Reducing harm caused by alcohol


Sales increase underlines need for minimum pricing

In response to the latest figures showing alcohol sales have increased in Scotland, Alison Douglas, Chief Executive of Alcohol Focus Scotland said:

"Scotland is now a nation of home drinkers, with more alcohol sold through supermarkets and off-licences than ever before. This has been driven by really low prices and constant promotions encouraging us to consume more.

"More than half of alcohol in supermarkets and off-licences is sold at less than 50p per unit, while a fifth costs less than 40p per unit. The very cheapest products under 30p per unit are mainly vodkas and strong ciders which are favoured by young, vulnerable and harmful drinkers.

"The more affordable alcohol is, the more we drink, and this means more alcohol-related hospital admissions, crime and deaths. Politicians across the Scottish Parliament understood this evidence when they passed minimum unit pricing legislation four years ago.

"It is really disappointing that this life-saving measure has been delayed by the Scotch Whisky Association’s legal challenge. Their defence of cheap vodka and cider is somewhat at odds with the ‘iconic’ image of Scotch.  Like the tobacco industry, the alcohol industry is placing profits before people’s health.
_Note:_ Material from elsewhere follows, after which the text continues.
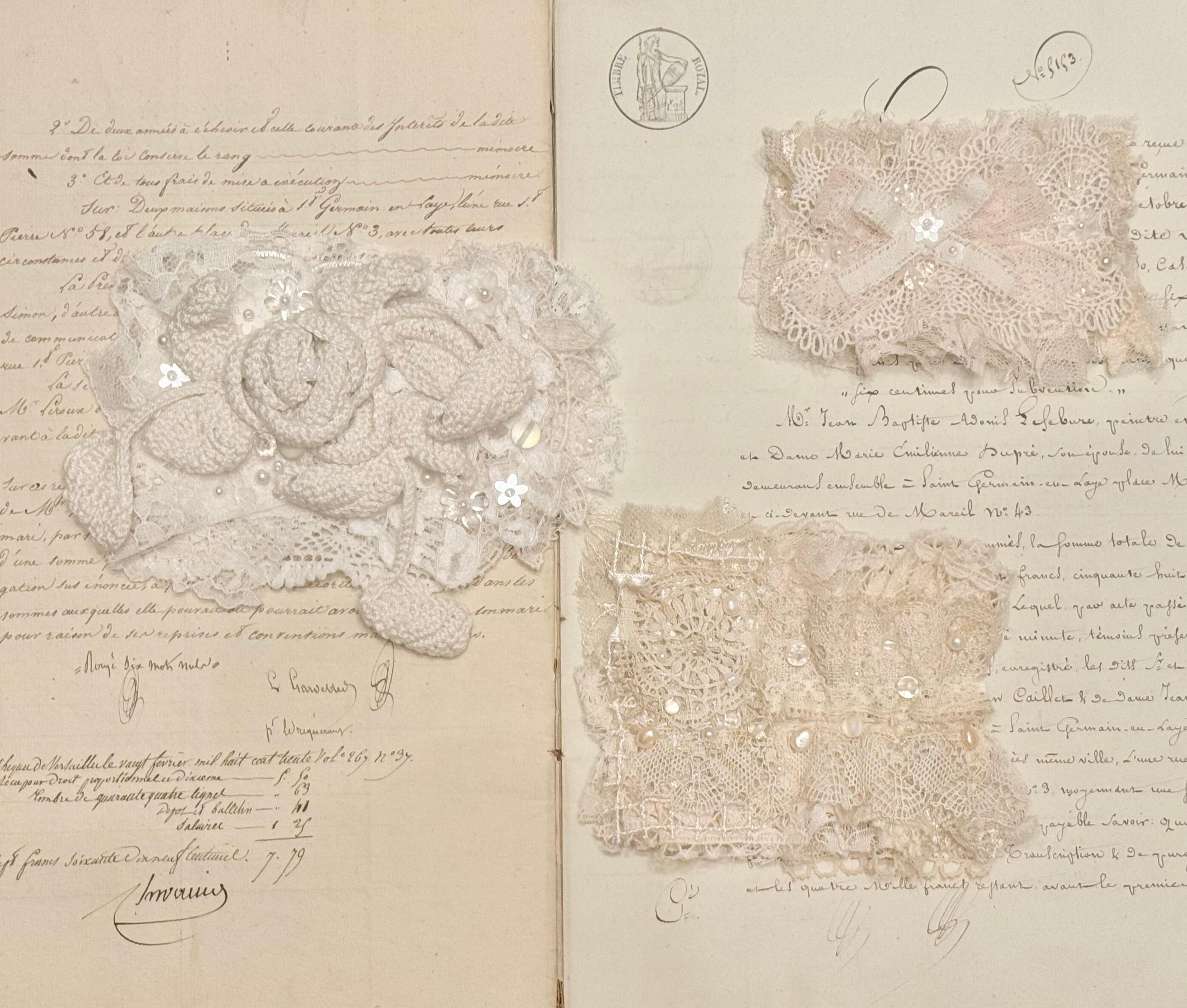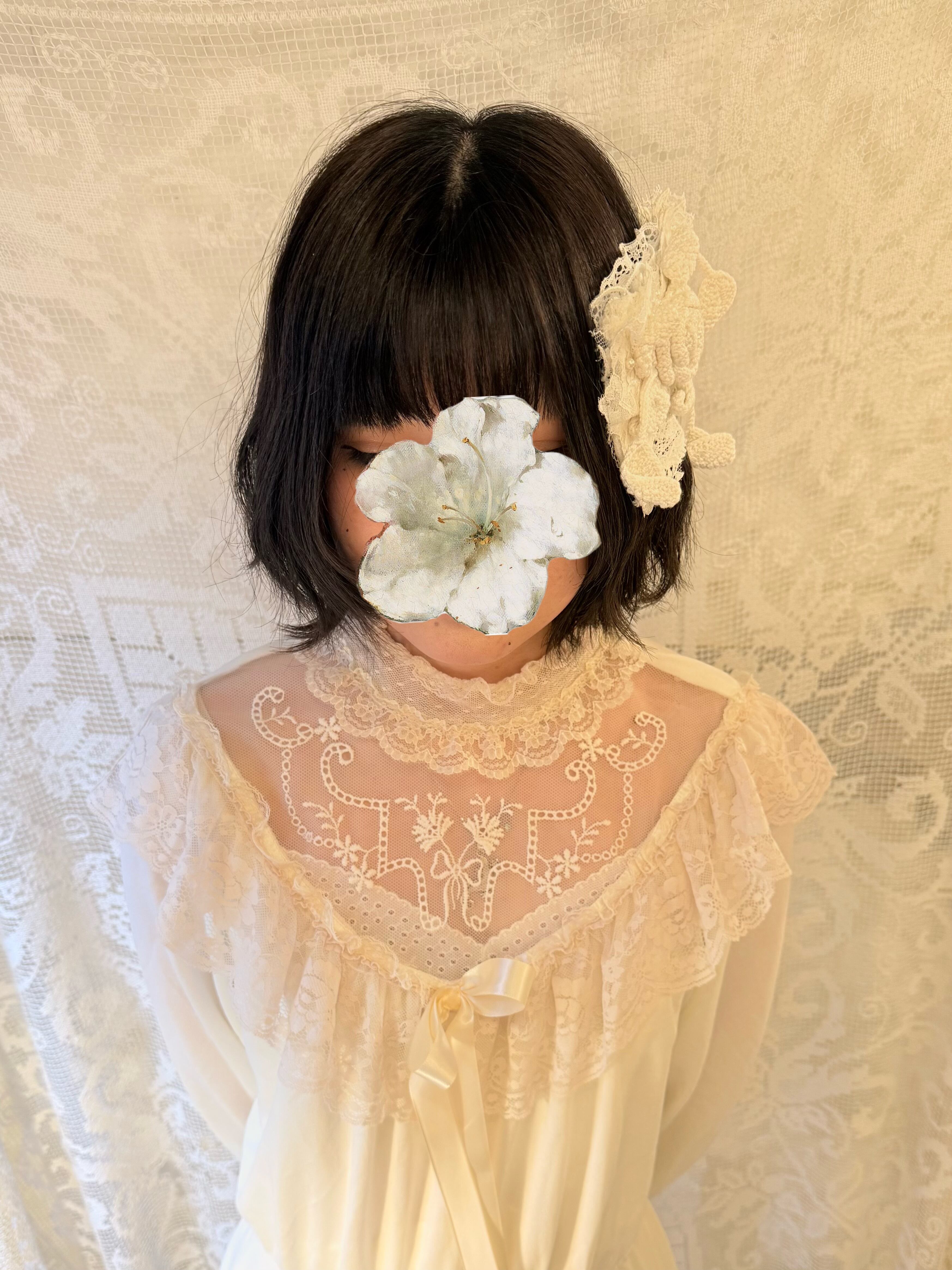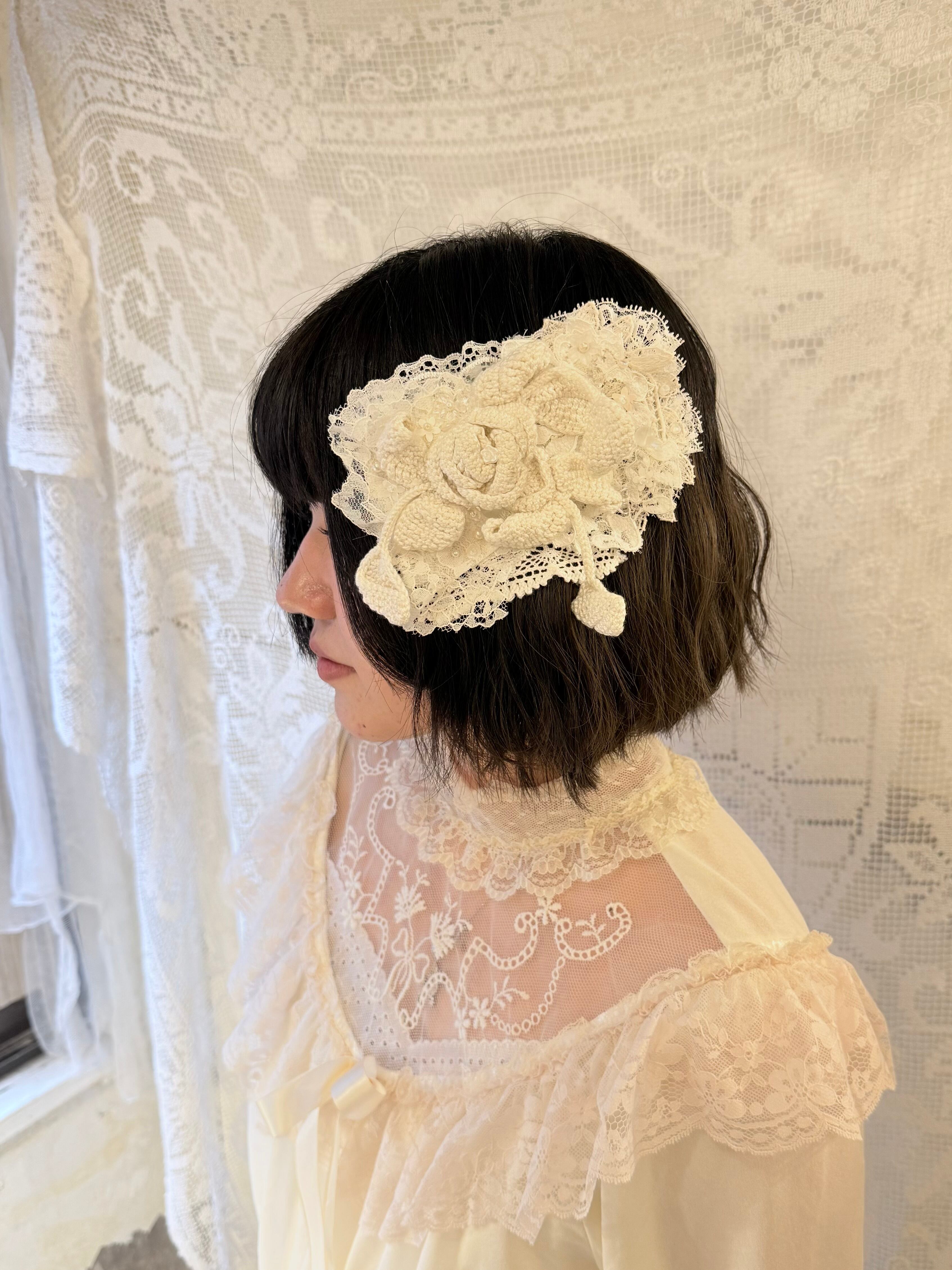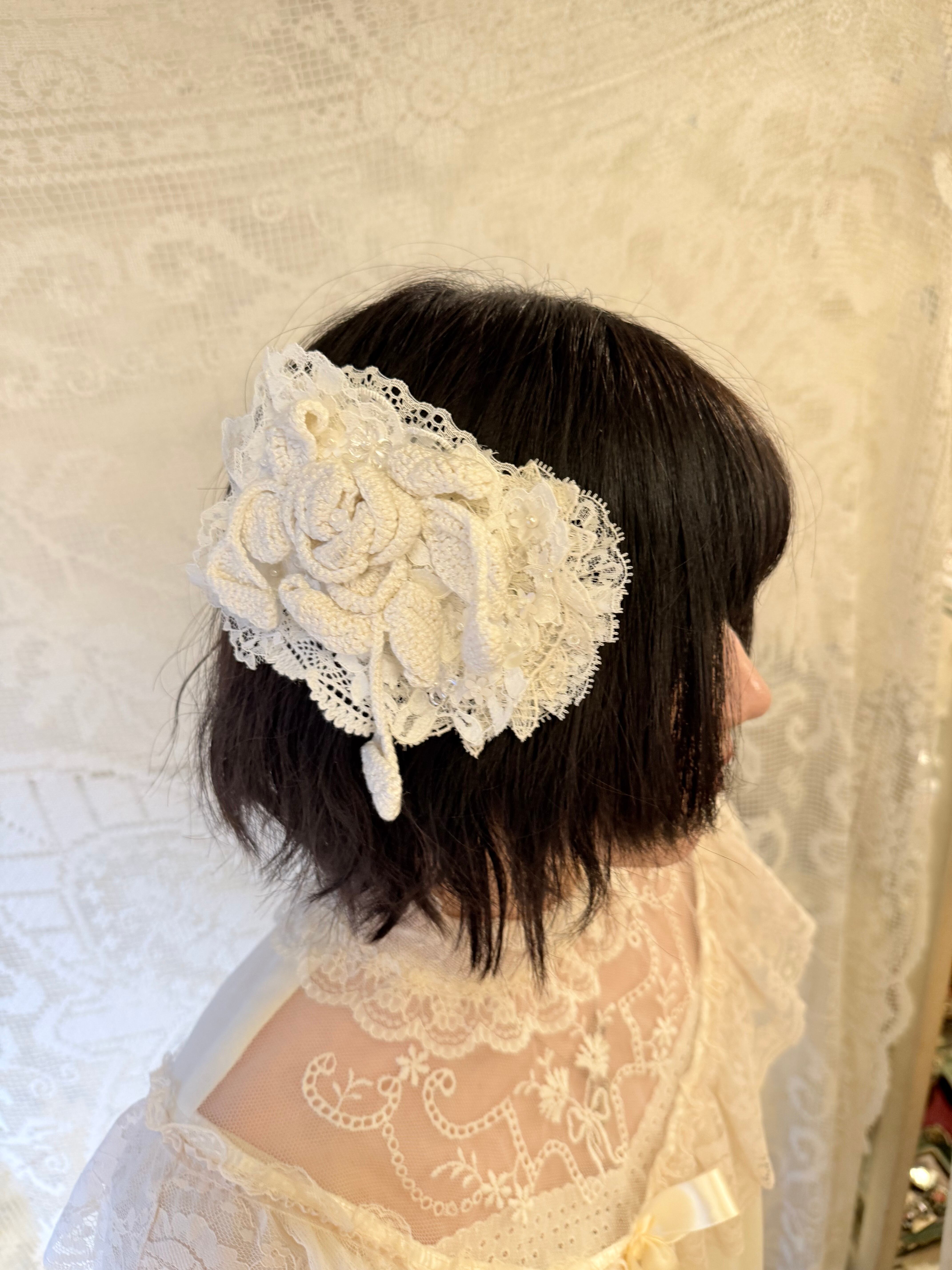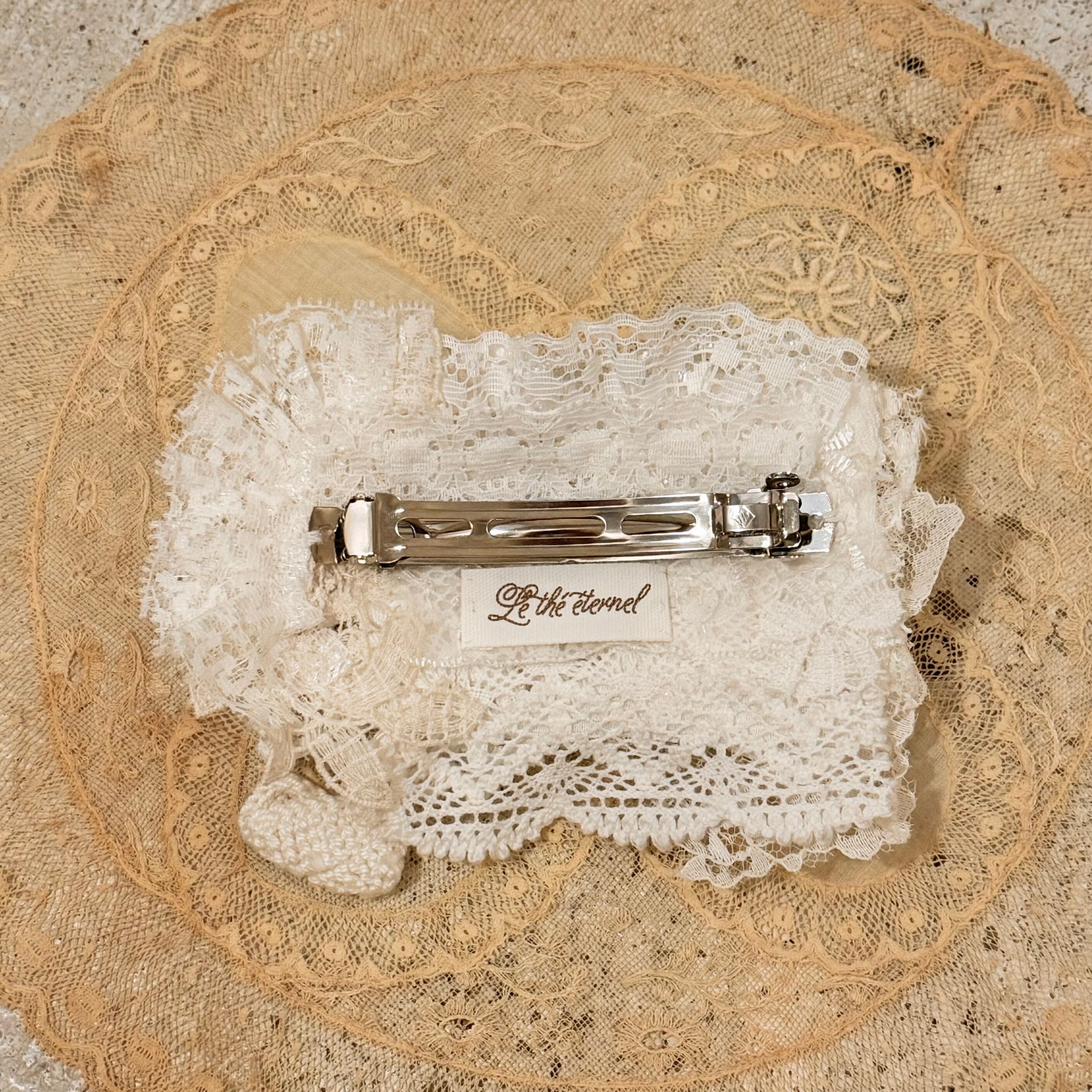 アンティークレースやお花のモチーフをコラージュした繊細な装飾が美しいバレッタです。˖ ࣪⊹
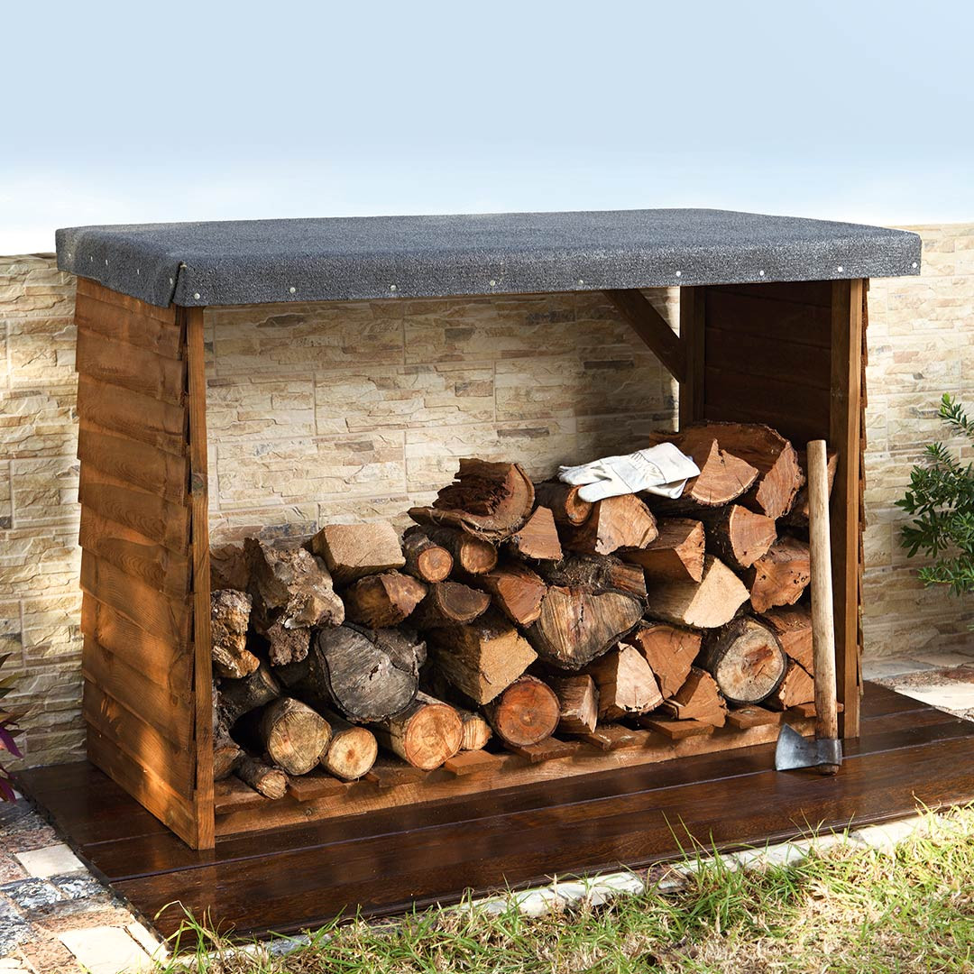 • Este cobertizo de almacenamiento de troncos presenta una excelente solución de almacenamiento para la leña

"With 22 Scots dying because of alcohol every single week and sales increasing, minimum pricing is desperately needed."

Alcohol consumption and price in Scotland 2015 

Dr Peter Rice, Chair of SHAAP said:

"NHS Health Scotland’s finding that much of Scotland’s excess drinking compared to England and Wales is due to low cost cider and vodka confirms the experience of front line clinicians. These are the drinks we hear about in GP surgeries, A&E departments, liver clinics and alcohol problems services.

"It is concerning that following several years of decline, overall consumption has risen for the past two years and alcohol related deaths have risen since 2013. Tackling low cost off sales alcohol is essential to improving health. This is the reason we called for Minimum Unit Price and why we continue to strongly support the policy."